> What you will do
Copy the listing exactly, please, and keep every picture out of it.

> Recorded data

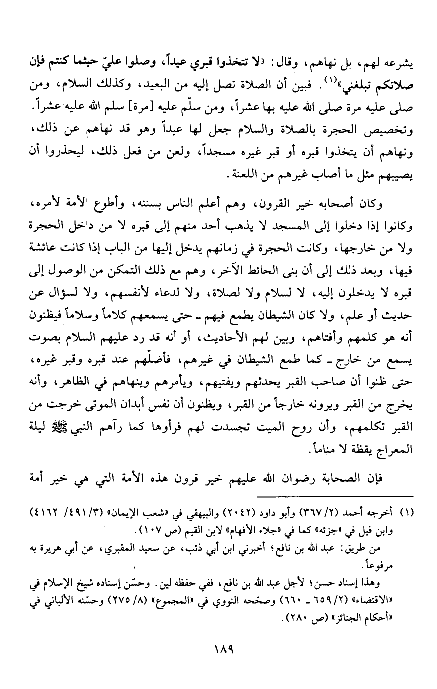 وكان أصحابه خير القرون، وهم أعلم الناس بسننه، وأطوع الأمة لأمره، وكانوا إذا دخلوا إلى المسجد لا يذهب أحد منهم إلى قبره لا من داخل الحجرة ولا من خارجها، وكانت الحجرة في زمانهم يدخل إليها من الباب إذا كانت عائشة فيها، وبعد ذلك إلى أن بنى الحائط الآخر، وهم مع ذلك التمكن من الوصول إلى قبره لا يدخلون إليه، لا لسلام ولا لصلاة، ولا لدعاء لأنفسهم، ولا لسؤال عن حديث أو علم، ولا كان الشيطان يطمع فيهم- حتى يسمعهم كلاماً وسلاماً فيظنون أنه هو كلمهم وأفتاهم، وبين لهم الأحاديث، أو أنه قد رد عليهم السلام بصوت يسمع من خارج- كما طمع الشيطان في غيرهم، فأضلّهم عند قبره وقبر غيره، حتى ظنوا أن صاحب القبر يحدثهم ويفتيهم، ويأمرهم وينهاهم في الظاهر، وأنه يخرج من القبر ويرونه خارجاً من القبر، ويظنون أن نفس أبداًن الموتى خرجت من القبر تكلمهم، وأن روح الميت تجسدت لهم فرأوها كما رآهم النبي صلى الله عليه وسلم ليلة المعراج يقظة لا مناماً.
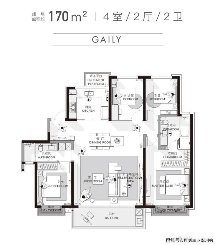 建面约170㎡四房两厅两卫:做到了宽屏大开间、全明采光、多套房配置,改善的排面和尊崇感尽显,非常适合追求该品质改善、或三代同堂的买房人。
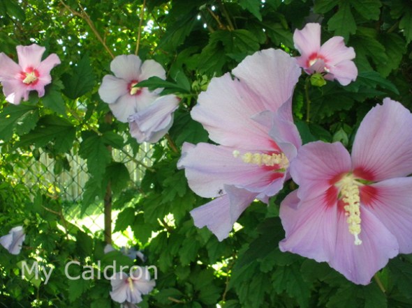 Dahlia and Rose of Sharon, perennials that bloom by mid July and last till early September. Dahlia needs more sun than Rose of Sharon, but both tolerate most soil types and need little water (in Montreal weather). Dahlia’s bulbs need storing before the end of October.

> Response
 وكان أصحابه خير القرون، وهم أعلم الناس بسننه، وأطوع الأمة لأمره، وكانوا إذا دخلوا إلى المسجد لا يذهب أحد منهم إلى قبره لا من داخل الحجرة ولا من خارجها، وكانت الحجرة في زمانهم يدخل إليها من الباب إذا كانت عائشة فيها، وبعد ذلك إلى أن بنى الحائط الآخر، وهم مع ذلك التمكن من الوصول إلى قبره لا يدخلون إليه، لا لسلام ولا لصلاة، ولا لدعاء لأنفسهم، ولا لسؤال عن حديث أو علم، ولا كان الشيطان يطمع فيهم- حتى يسمعهم كلاماً وسلاماً فيظنون أنه هو كلمهم وأفتاهم، وبين لهم الأحاديث، أو أنه قد رد عليهم السلام بصوت يسمع من خارج- كما طمع الشيطان في غيرهم، فأضلّهم عند قبره وقبر غيره، حتى ظنوا أن صاحب القبر يحدثهم ويفتيهم، ويأمرهم وينهاهم في الظاهر، وأنه يخرج من القبر ويرونه خارجاً من القبر، ويظنون أن نفس أبداًن الموتى خرجت من القبر تكلمهم، وأن روح الميت تجسدت لهم فرأوها كما رآهم النبي صلى الله عليه وسلم ليلة المعراج يقظة لا مناماً.
 建面约170㎡四房两厅两卫:做到了宽屏大开间、全明采光、多套房配置,改善的排面和尊崇感尽显,非常适合追求该品质改善、或三代同堂的买房人。
 Dahlia and Rose of Sharon, perennials that bloom by mid July and last till early September. Dahlia needs more sun than Rose of Sharon, but both tolerate most soil types and need little water (in Montreal weather). Dahlia’s bulbs need storing before the end of October.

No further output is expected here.